A Day In The Life
/- A chapter from Under the Influence, Reclaiming my Childhood -
I always knew that my dad was an addict, but it took me a while to truly understand the difference between my dad and my friends’ dads. However, as I moved from primary school into high school, the differences became more and more apparent.
One of my close friend’s father was a truck driver who drove semitrailers interstate on a regular basis. I remember this friend complaining about how his father was often not at home for long periods, but when he returned they would go to the football or play at the park.
Another had a dad who was a factory manager. This man would work long hours, but was able to bring a lot of money into the house and therefore provide a comfortable lifestyle for his children. Later on he would also give them their first taste of paid employment with a packing job on the factory line.

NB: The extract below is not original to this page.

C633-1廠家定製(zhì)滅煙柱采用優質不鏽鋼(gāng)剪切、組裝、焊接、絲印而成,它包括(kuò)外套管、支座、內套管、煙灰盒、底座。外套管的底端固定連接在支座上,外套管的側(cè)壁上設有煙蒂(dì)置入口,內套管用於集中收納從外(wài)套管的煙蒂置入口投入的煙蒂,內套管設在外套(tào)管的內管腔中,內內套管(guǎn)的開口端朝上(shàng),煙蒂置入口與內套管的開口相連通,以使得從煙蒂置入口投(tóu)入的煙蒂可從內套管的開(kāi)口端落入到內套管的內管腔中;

Every one of my friends complained about their dad, saying how they hated when he was away. About the long hours he worked and how they could only spend weekends with him. Yet they also bragged and gloated, and would often bring the latest toys to school or say how much they enjoyed going to the game or the latest movie. Typically I remained silent, my complaints wouldn’t have been well received or even understood, and what I had to brag about was pathetic by comparison. I mean, what could I say?
“Yeah Dad’s business has really picked up recently, three new clients! Can you believe it? By the looks of them they will all become regulars, and you know what they say, word of mouth is the key to growth!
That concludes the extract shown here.